She made us a cup of tea and we sat out in the porch, on wicker chairs, looking out at the birds hopping about in the bright winter sunshine. She thanked me for searching for her daughter, and I said sorry that I was unable to bring her home.
‘I think she’s still out there,’ she said. She stared at me, an imploring look that made me uncomfortable. ‘I’d be able to feel it, wouldn’t I, if she was dead? And they would have found the body.’
I began to say ‘Not necessarily,’ but she talked over me. She looked exhausted, puffy bags drooping beneath her eyes. ‘She’s either out there somewhere,’ she said, gesturing at the garden and beyond, ‘or she’s out
there
.’
She looked up at the sky.
And that’s the end of my story. Later tonight I’ll go home and feed Calico, who seems to have settled since Marie’s final disappearance. He doesn’t stand on the windowsill any more. He seems content. Maybe he knows something I don’t.
Or maybe he’s just a cat, with a short memory.
I will never forget Marie. She was the sun at the heart of my system; she was the fire in my personal hell. She changed me. She showed me the summits and the depths, the zenith and nadir of love. I am scarred and scared – it will be a while before I am able to open myself up again, expose myself to hurt. But I know I will. I know how sweet love can be, and I couldn’t go the rest of my life without tasting that sweetness again.
I will only ask one thing of any future lover: that they don’t believe in aliens.

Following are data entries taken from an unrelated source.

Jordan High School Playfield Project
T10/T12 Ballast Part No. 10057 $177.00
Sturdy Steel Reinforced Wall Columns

Except . . . I don’t mean that. It’s my attempt to make a joke out of what I’ve been through (although, to be honest, it’s one of the things that stops me going out to find Zara). I’ve spent a lot of time trying to make sense of it all, to squeeze some meaning, some lesson, from my experience. To think about what Marie did in a rational, unemotional way.
Andrew accused me of not believing in anything, an accusation I had already aimed at myself. What makes me different from people like Marie and people who go to church, or join cults, or become protestors or jihadists or risk their lives for a cause? I have no religion, no great political passion, no creed that governs my life. I don’t belong to any organization. I vote, but I have never marched.

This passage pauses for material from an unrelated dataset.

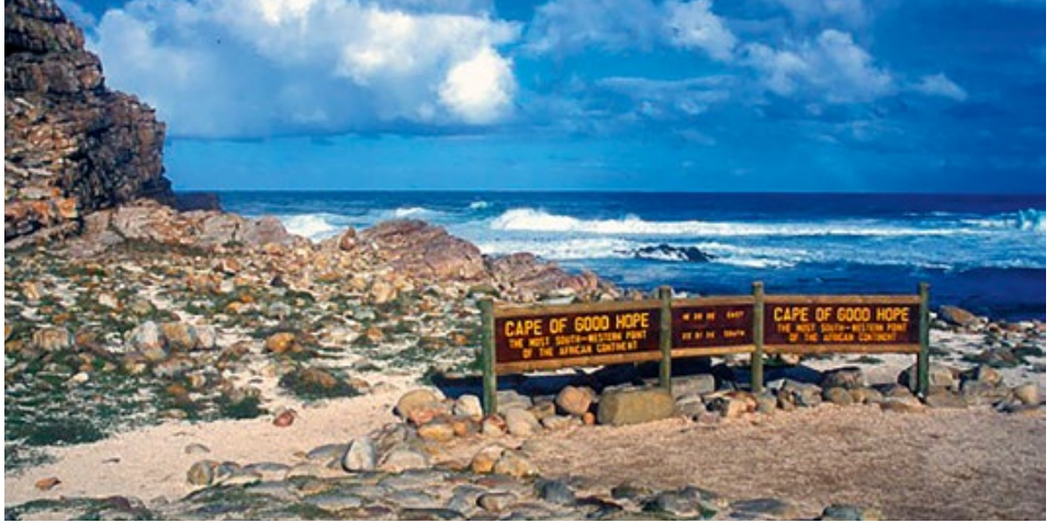
Cape Peninsula Tour

The Fairest Cape / Cape Peninsula Tour, 10:00 – 16:00: Travel along the spectacular coastline of the Peninsula through charming historical villages. Visit the mythical meeting place of two great oceans and experience the “fairest Cape of all”. Highlights of The Cape Peninsula Tour: Clifton Beach and Camps Bay, Twelve Apostles, Llandudno, Hout Bay, Chapmans Peak Drive, Noordhoek ostrich viewing, Cape of Good Hope Nature Reserve, Cape Point, Cape of Good Hope, Simons Town, Muizenberg Constantia and the Kirstenbosch Botanical Gardens.

Marie’s mum told me that, from when she could first talk, Marie was ‘always asking questions. She’d want to know everything. Why did God allow people to suffer, did animals go to Heaven, why do we have wars? All the usual stuff kids ask. There were a few
Musl
im kids in her class, and Hindus. They talked about going to the mosque or the temple. And Marie wanted to know why we didn’t go to church, started pestering her dad and me. So I took her – her dad moaning about what a waste of time it all was – and she loved it. Loved singing the hymns, reading all the Bible stories, talking about Jesus like he was a pop star or something. It was sweet. But then her dad stopped her going, told her it was all a load of crap, that he didn’t want his daughter to be a “Bible basher”.

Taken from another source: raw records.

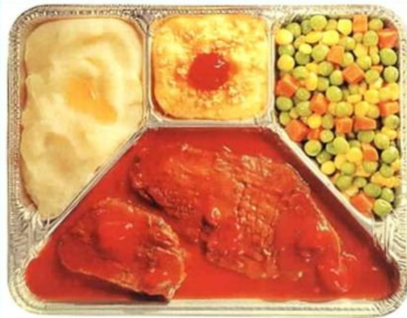
Swanson TV Dinner 1959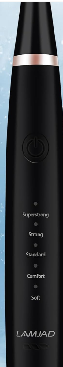
Image: A close-up of the LAMJAD Electric Toothbrush handle, highlighting the five distinct cleaning modes and their recommended uses.

(Hinweis: Beim Auswechseln der Zahnbürste ist das Vibrationsgeräusch laut, was normal ist. Es wird empfohlen, den Komfortmodus einzustellen, damit sich die Zähne anpassen können.)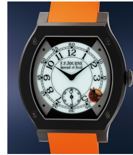
103 F.P. Journe An innovative and attractive ele... Estimate $12,000 — 24,000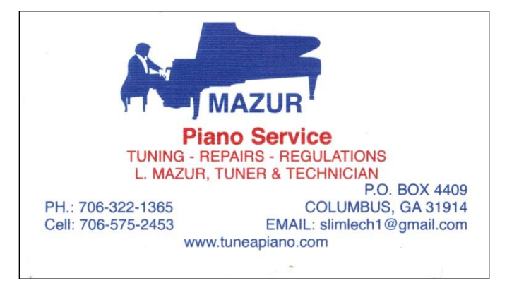
DaVinci Members Receive a $20.00 Discount!

Spend $5, Get 10% Off with code DAVINCI10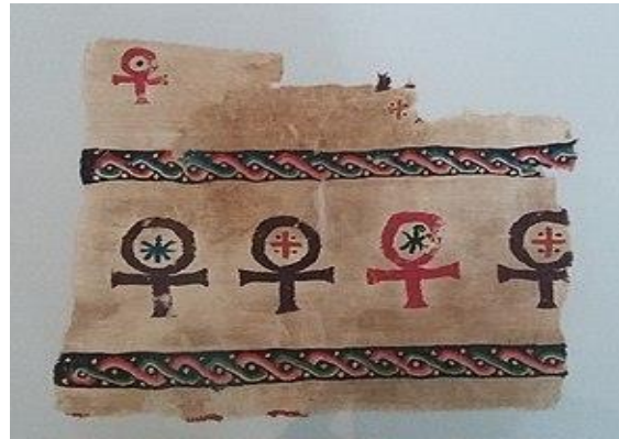
Coptic crosses (Creative Commons, public domain)

A variation of the cross was used by the Assyrians as a symbol to represent their sky god Anu. A cross within a circle was and remains part of the sacred symbology of many North American Indigenous peoples. Variations have been found elsewhere in the world on archaeological sites dating back thousands of years. In a cave on Cuba's Island of Youth a curved cross was found carved into the rock wall. According to locals, it is the work of the mysterious 'sea people' of unknown origin.

‘After he left us, I thought maybe she’d start going again. But she wasn’t interested any more. She wasn’t interested in anything, I thought. Until the aliens. It started with a book she got from the library about these people who said they’d had experiences . . . you know, all the stuff she went on about. And that was it. It was like there was a hole inside her, a
space
, that needed filling. Marie had a need to believe in something different, something
better
.’ She paused before making a final declaration. ‘I blame her dad.’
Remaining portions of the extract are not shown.